Mapping the initial effects of carcinogen-induced oncogenic transformation in the mouse bladder

BBN is a bladder specific carcinogen that can cause invasive bladder cancer in mice possessing similar genetic alterations as seen in human cancer.

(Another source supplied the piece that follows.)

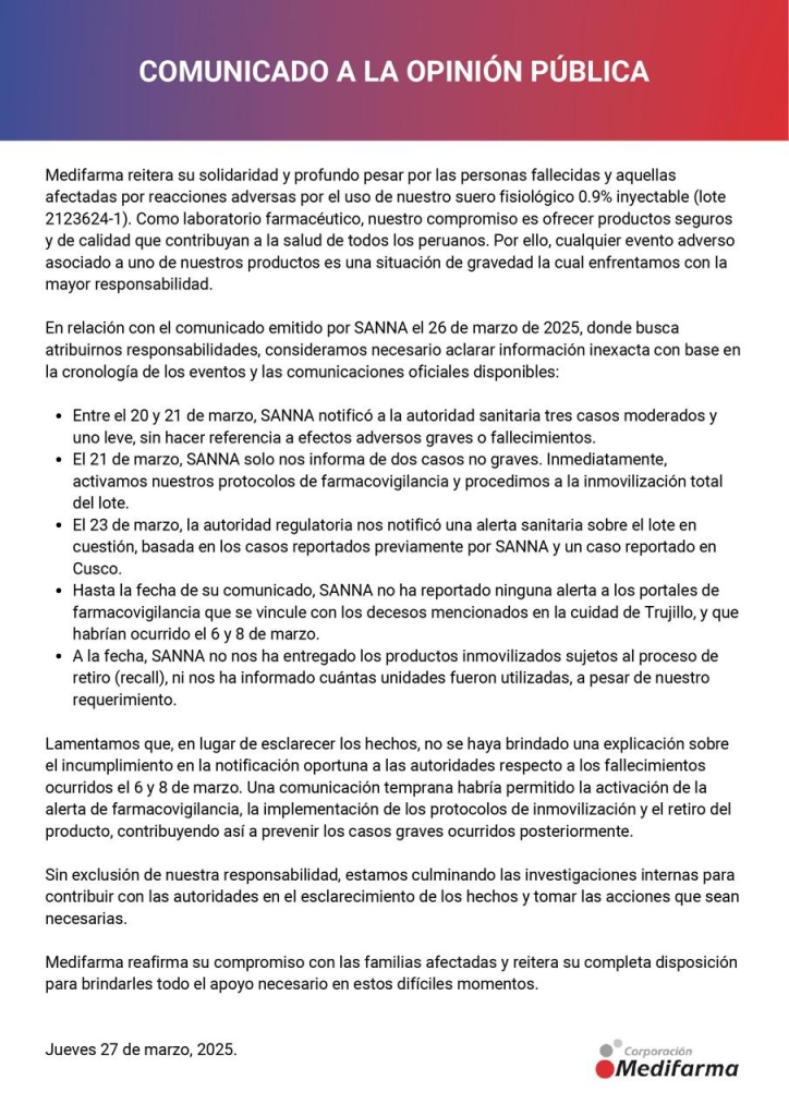 Después de la comunicación emitida por la red de clínicas Sanna, Medifarma hizo lo mismo y aseguró que el nosocomio “no reportó ninguna alerta a los portales de farmacovigilancia que se vincule con los decesos mencionados en la ciudad de Trujillo, y que habrían ocurrido el 6 y 8 de marzo”.

We employed a single cell sequencing approach using 10x Genomics scRNAseq to investigate the cellular heterogeneity and molecular modifications induced by long term treatment with a carcinogen (BBN) on the bladder urothelium and sub-urothelium cells. Our data show infiltrations of B- and T-cells in the tumor and decrease of the several other urothelial populations. Overall design: 3 sample analysed: 2 non-treated controls and 1 BBN-treated. After 22 weeks of BBN treatment, the mucosa layer of mouse bladder was separated from detrusor and digested to prepare a cell suspension and single live cells were sorted using Fluorescence-activated cell sorting (FACS). Then scRNA-seq was performed to analyze the cells. The same was done for two age-matched non-treated mice.

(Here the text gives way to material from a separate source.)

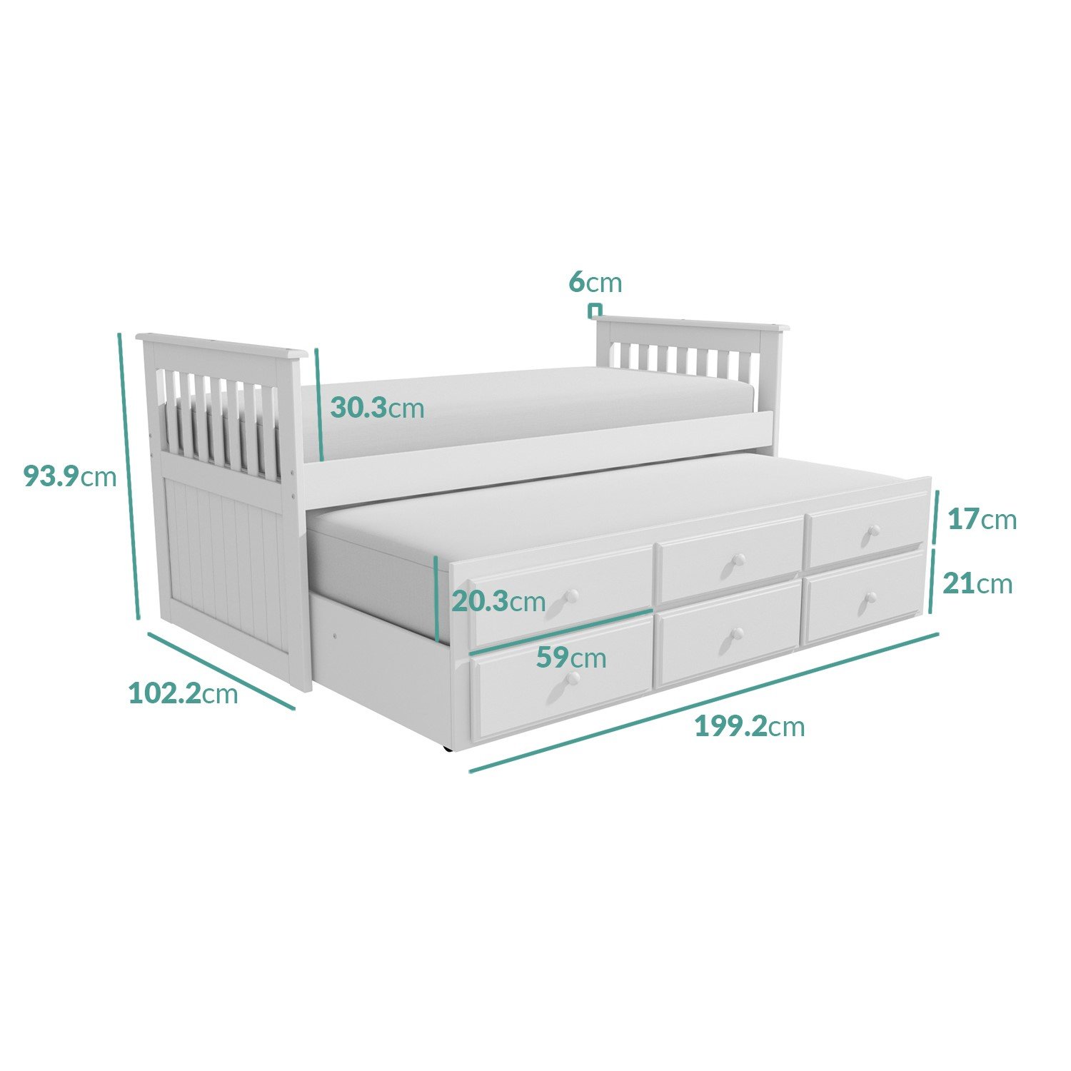 Single White Wooden Guest Bed with Storage and Trundle – Oxford
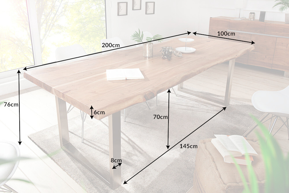 Massief houten eettafel MAMMUT NATURE 200cm acaciaboom rand 6cm tafelblad roestvrijstalen poten – 40127

BBN是一种膀胱特异性致癌物，可在携带有与人类癌症相似遗传改变的小鼠中诱发浸润性膀胱癌。本研究采用10x Genomics单细胞RNA测序（scRNAseq）技术，探究长期暴露于致癌物BBN后，小鼠膀胱尿路上皮及尿路上皮下细胞的细胞异质性与分子修饰变化。研究数据显示，肿瘤组织中存在B细胞与T细胞浸润，且其余多种尿路上皮细胞群的占比出现下降。 整体实验设计：共分析3组样本：2组未处理对照组与1组BBN处理组。BBN处理持续22周后，我们将小鼠膀胱黏膜层与逼尿肌分离，经消化制备细胞悬液，并通过荧光激活细胞分选（Fluorescence-activated cell sorting, FACS）分选存活的单个细胞。随后开展单细胞RNA测序以分析细胞样本。2只年龄匹配的未处理小鼠也采用相同流程开展实验。